Agent Governance · Technology Decisions (4/5)

Capability	What it does	GCP Services	Non-GCP / 3rd Party
Agent Certification	Process of assessing agents against capability maturity and readiness dimensions. Capability maturity defines the autonomy/agency level; readiness is measured by security, effectiveness, and interoperability aspects.	None	Custom Developed (Python + REACT)
Agent Evaluation	Measurement systems that evaluate how well an agent reasons, retrieves, and acts. Ensures continuous reliability and tracks drift over time.	Vertex AI Evaluation	RAGAS · Trulens
Human Feedback	Structured human-in-the-loop (HITL) mechanism guiding agent behavior toward safe, aligned outcomes. Human input — approvals, feedback, corrections, reinforcement.	None	Custom Developed (Python + REACT)
Agent Registry	System of record for all certified agents — capturing identity, owner, purpose, versions, allowed tools/data, policy constraints. Each agent documented through an A2A-compliant Agent Card.	None	Custom Developed (Python + REACT)
Agent Security	Treats every AI agent like a non-human entity with strong control over what it can access and do. Each agent has a unique, verifiable identity used for authentication, authorization, and full audit logging of actions and tool calls.	Vertex AI Agent Engine Identity	None

AI Operations · Technology Decisions (5/5)

Capability	What it does	GCP Services	Non-GCP / 3rd Party
AI Gateway	Centralized control plane between agent applications, model providers, and MCP servers. Enforces governance and operations at runtime — auth, rate limits, policy checks, logging/tracing, spend/budget controls. Standardizes access; enables semantic caching and usage analytics.	APIGEE	Kong · LiteLLM
MCP Gateway	Control plane / proxy layer managing how agents securely access tools, data, and resources through MCP servers. Acts as the policy-enforcing middle layer — validating requests, brokering capabilities, ensuring every tool invocation follows enterprise rules around safety, observability, authorization.	APIGEE	Kong · LiteLLM
Agent Deploy	Enhances traditional DevOps with checks unique to agentic systems — prompt scanning, MCP tool scanning in the pipeline.	(Assessment in flight)	GHEC · GitHub Actions
Agent Observability	Collects, analyzes, and observes how agents behave in production. Captures end-to-end telemetry across agent runs, model calls, tool interactions — latency, errors, quality signals, cost.	GCS · AlloyDB	Arize · Dynatrace · Grafana
Agent Improvement	Continuous cycle of making agents more accurate, safe, cost-efficient based on real production signals. Uses evaluations and human feedback to facilitate reinforcement learning for continuous improvement.	Vertex AI Fine-tuning	None

08

MVP scoping — three sizes. Pick one.

Costco's deck offers three MVP scoping options, each strictly additive: small is foundational; medium adds utility agents and an agent appraisal framework; large adds prompt analytics and a knowledge graph builder. Increasing in scope as you move to the right.

Option · MVP-Small

No-regret foundational capabilities.

The baseline platform. Eight deliverables. Everything below is required regardless of which path Costco picks.

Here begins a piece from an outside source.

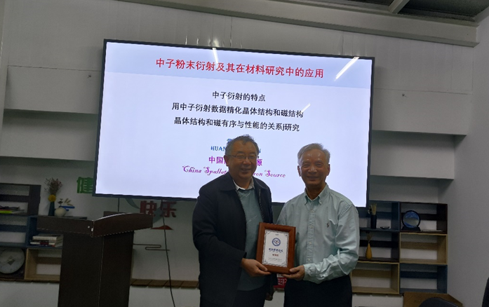 黄清镇在报告中详细介绍了中子衍射的优势以及其在材料学中的应用进展,并重点讲述了用中子衍射方法进行晶体结构和磁结构的数据精化,以及相关构效关系的研究。中子衍射技术对轻元素更敏感,可用于氢元素在结构中的位置和占有率的测定。报告重点介绍了中子衍射技术对超导化合物(Li/Fe)OH-FeSe、LaPr0.88Ce0.12CuO4+d、HgBa2Can-1CunO(2n+2)+x的晶体结构测定与分析,同时分析了BaFe2As2晶体结构、磁结构、相转变与性能研究中中子衍射的重要作用,为我们测定有序磁结构和磁性能研究提供了一种有效手段。

POC validation for APIGEE, Aura DB, Dataplex, and Dynatrace integration for operational metrics
Cloud & Infrastructure foundation — GCP onboarding, IAM foundation, IaC, containers
Platform foundation services — Alloy DB, Agent Engine, Aura DB
Knowledge Layer — Data-to-Knowledge patterns for RAG-based use cases
Approved language models configured in AI Gateway (APIGEE) for governed access
Agent governance — human feedback collection, operational metrics, Dynatrace integration
Semantic Memory as a Service — for consistency and cost reduction
Knowledge Serving Layer (Hybrid Search and Semantic Search)

Option · MVP-Medium

Utility agents + agent appraisal.

MVP-Small + 5 deliverables. Adds the first wave of platform-supplied agents and a real evaluation framework.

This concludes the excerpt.